WHAT YOU HAVE TO DO: In the entries that follow, repeat exactly the lines from the one that has "HOCHEI. Patinoarul „23" through the one that has "En dag på skydebanen Privatfoto.", but omit pictures.

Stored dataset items
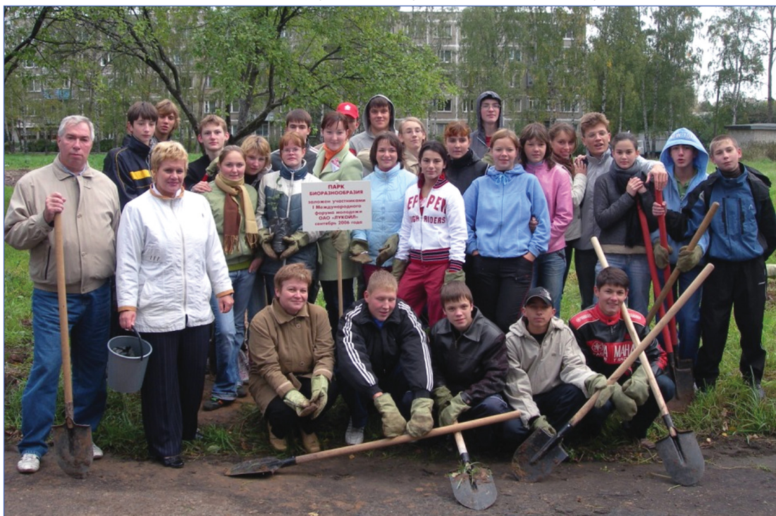
Парк биоразнообразия в Нижнем Новгороде не заложишь без лопаты, не правда ли?

На следующий день у нас была запланирована посадка деревьев. Мы приехали в ту же школу и там вместе с местными ребятами посадили около двух сотен «деревьев». На самом деле это был шиповник, но процесс от этого не перестал быть очень динамичным и занимательным. После этого нас напоили чаем (на улице холод стоял немощный). Мы еще раз пообщались с местными школьниками на различные темы, начиная от школьных проблем, заканчивая описанием времяпрепровождения. После этого мы опять отправились в «Академию», где посмотрели выступления тхэквондистов и самбистов. После этого желающие могли пройти мастер-класс по самбо. Наконец состоялась серия турниров.
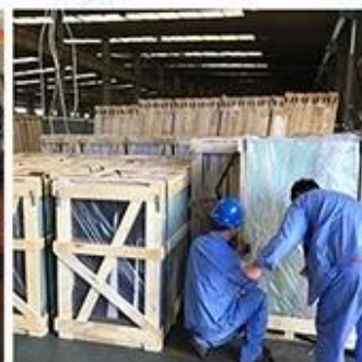
Packing & Loading
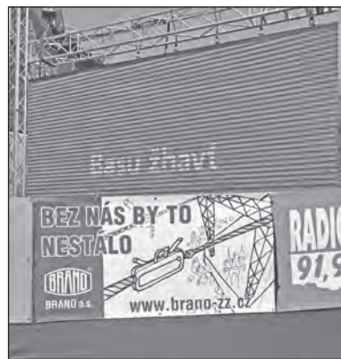
Jedna z reklam SBU ZZ na Moravských hradech

V roce 2018 pak budou moci zaměstnanci z řad zaměstnanců našeho podniku získat vstupenky nejen na kterýkoli z festivalů Moravské hrady, ale rovněž na ty, které se uskuteční na obvyklých místech v české části naší republiky. „S ohledem na skutečnost, že z letošního festivalu máme mnoho kladných ohlasů, bude SBU ZZ spolupracovat s výše uvedenou agenturou i v příštím roce,“ dodává Lucie Vajdová. (mp)
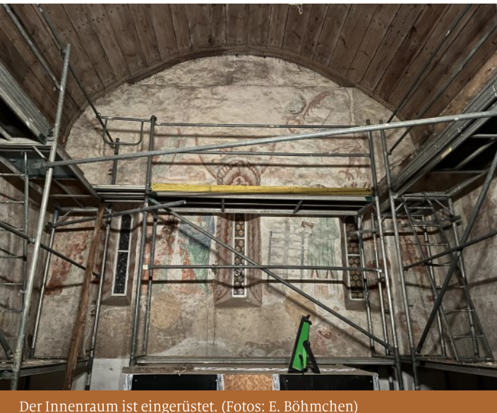
Der Innenraum ist eingerüstet.

PS: Die Kirchengemeinde hat auch einen Instagram-Kanal! Schauen Sie mal rein!
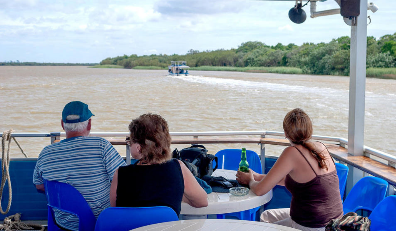
Sejltur på St. Lucia søen i iSimangaliso National Park
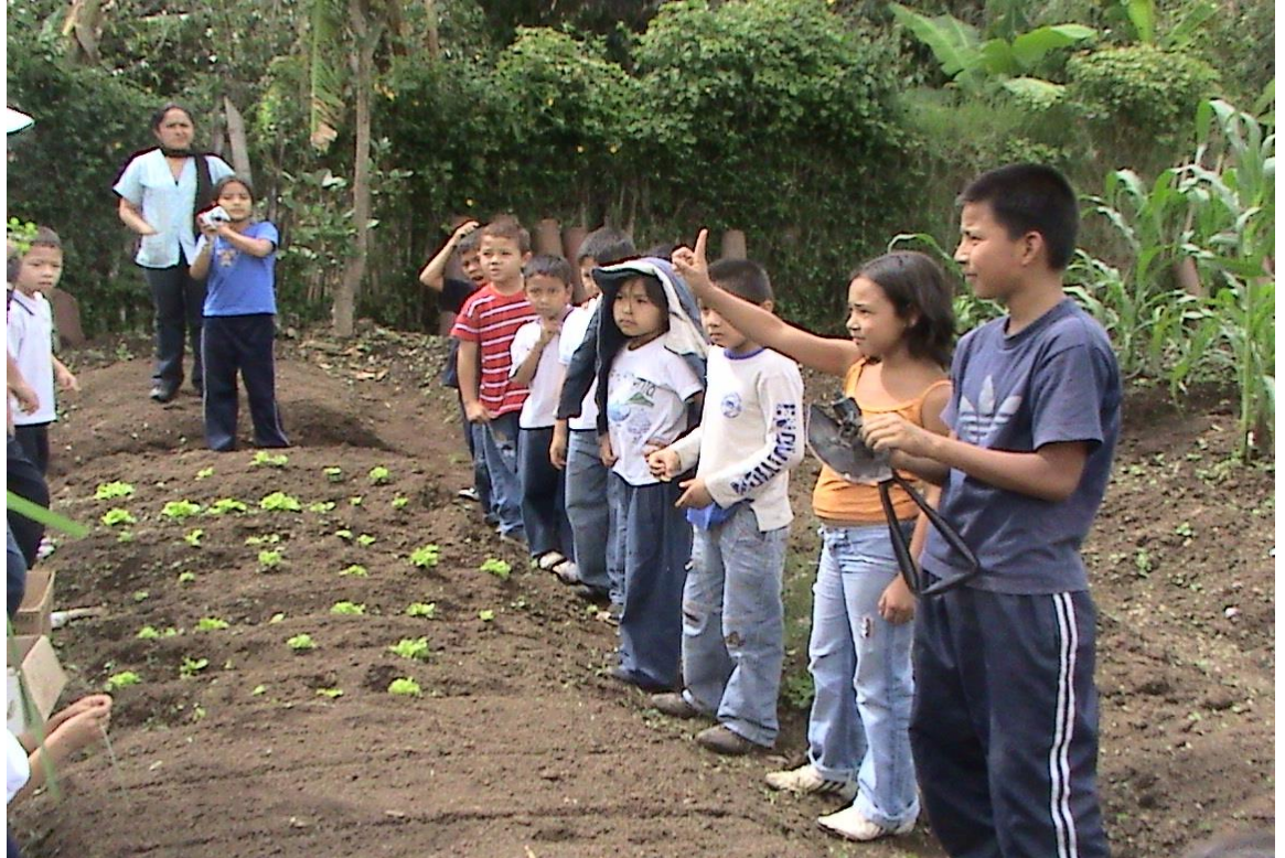
Figura 5. Construcción de la huerta escolar
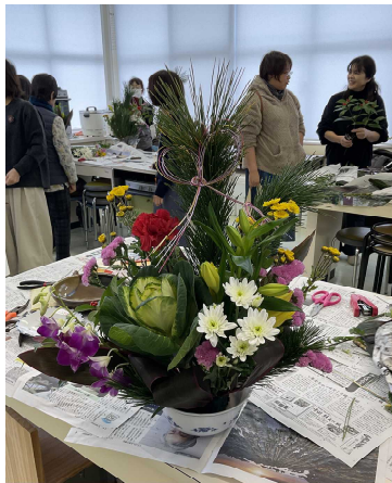
「正月のフラワーアレンジメント」の様子

26日(金)、恒例の『正月のフラワーアレンジメント』とそれに対して男性の方を対象とした『正月の寄せ植え教室』を開催しました。『寄せ植えづくり』に参加された女性の方が「私も体験したかった」とのこと。性別で判断してきたことに反省です。ちょっとだけ苦労しているのが、梅の苗を正月に向けて開花させることです。我が家の温床を使って調整しているのですが、植え付ける何日か前に20℃近くの日があり、開花し、寄せ植え当日には六部咲きとなっていました。難しいものです。でも皆さん素晴らしい正月向け寄せ植えができ、きっと玄関あたりに飾ってもらえたと思っています。
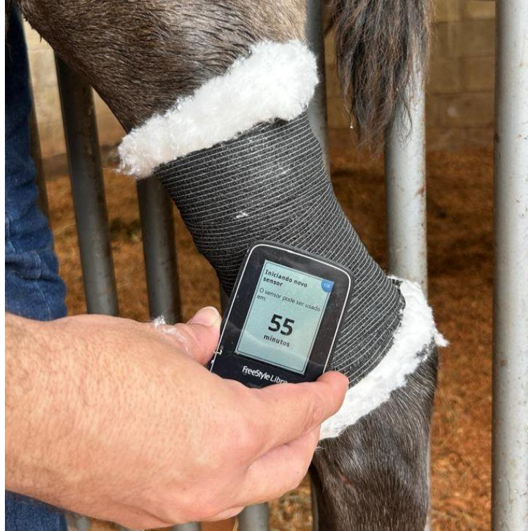
Figura 5: Leitor aguardando o período de calibração das leituras do sensor FreeStyle Libre.
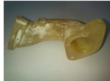
Gambar 2. Intake Manifold Komposit Serat Nanas

cetak dan mengepresnya dengan menggunakan baut pengunci pada rangka cetak. Setelah itu dibiarkan selama 24 jam supaya mendapatkan kekerasan yang maksimal barulah intake manifold komposit serat nanas diambil dari cetakannya. Untuk menyempurnakan bentuknya maka dilakukan proses finishing , dengan cara mengamplas permukaan luar intake manifold hingga didapatkan hasil yang baik dan Mengebor bagian-bagian yang akan dipasang baut dan saluran vakum bahan bakar.
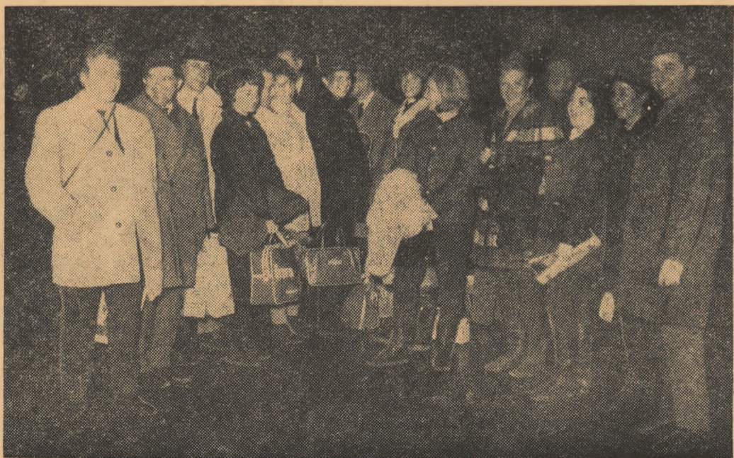
Tradiționala fotografie la sosirea pe aeroport.

HOCHEI. Patinoarul „23 August”, ora 17: Unirea București — Știința Sighișoara; ora 19: Steaua București — Metalul Rădăuți (turneul final al campionatului republican de juniori).
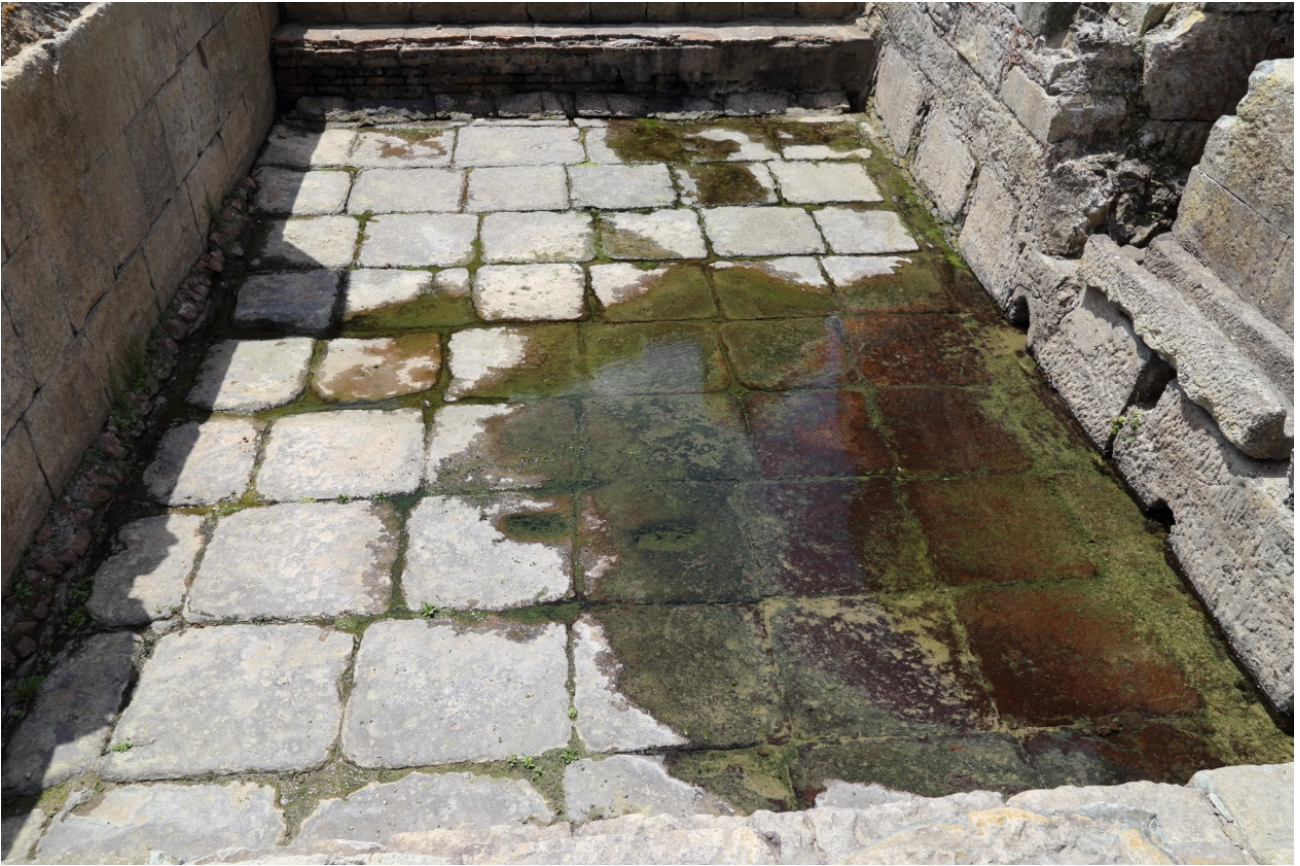
Fig. 2 - Il Ninfeo visto da Nord

Il vano si struttura con una piscina rettangolare con gradini sui due lati brevi, ornata da cinque nicchie rettangolari sul lato occidentale e sette su quello orientale. In una nicchia del lato orientale è stata rinvenuta un'iscrizione la quale consente di ipotizzare che le altre nicchie contenessero altre iscrizioni ovvero opere scultoree non pervenute fino ai nostri giorni.
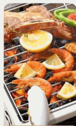
Grilled Fresh Shrimp
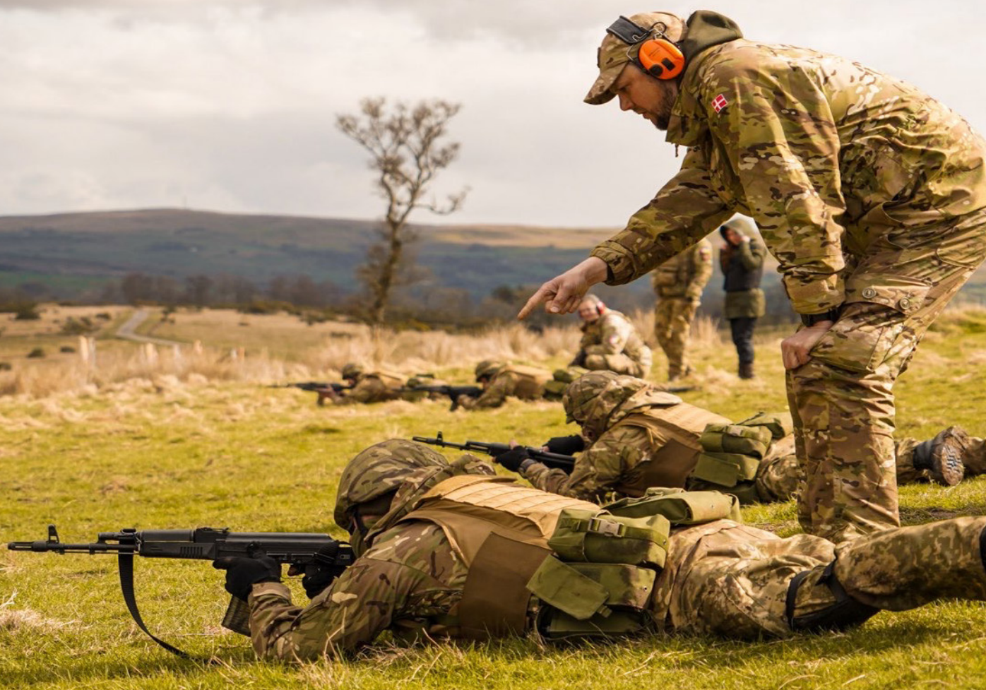
En dag på skydebanen Privatfoto.

Vi står så tæt på fronten, som vi kan, uden selv at være der, og når vi siger farvel til holdet efter fem uger, så er det med en viden om, at vi ikke kommer til at se dem igen. Selv om vi ikke bliver personlige med ukrainerne, så skal man være følelseskold, hvis man ikke bliver rørt, når man sender et hold afsted.
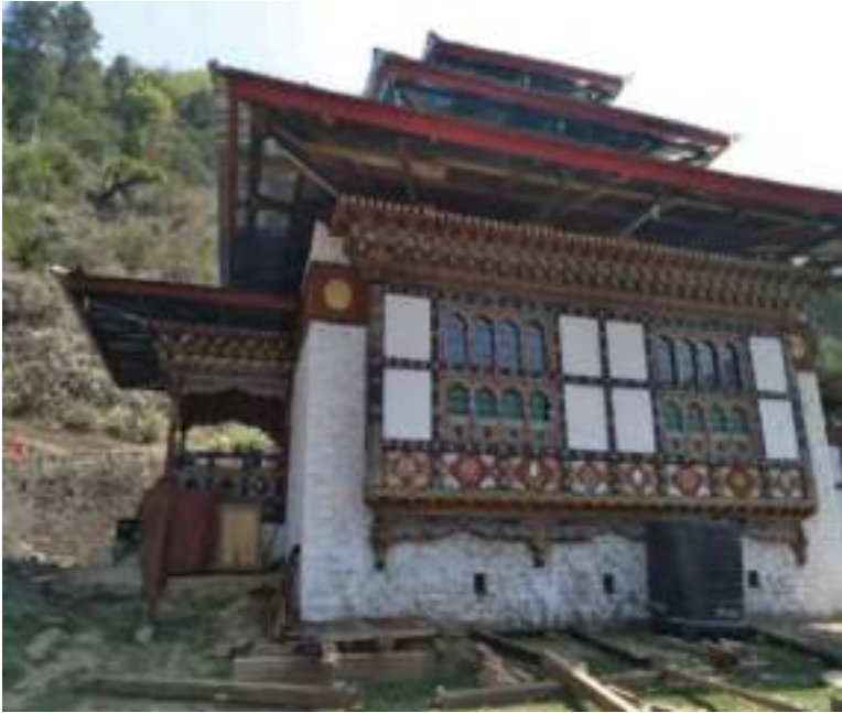
སྤྱག་སྤྱི་པ་རྒྱ་ཚོས་སྤྱིང་ལྟ་ཁང་།

ANSWER FOR THE TASK:
HOCHEI. Patinoarul „23 August”, ora 17: Unirea București — Știința Sighișoara; ora 19: Steaua București — Metalul Rădăuți (turneul final al campionatului republican de juniori).
Fig. 2 - Il Ninfeo visto da Nord

Il vano si struttura con una piscina rettangolare con gradini sui due lati brevi, ornata da cinque nicchie rettangolari sul lato occidentale e sette su quello orientale. In una nicchia del lato orientale è stata rinvenuta un'iscrizione la quale consente di ipotizzare che le altre nicchie contenessero altre iscrizioni ovvero opere scultoree non pervenute fino ai nostri giorni.
Grilled Fresh Shrimp
En dag på skydebanen Privatfoto.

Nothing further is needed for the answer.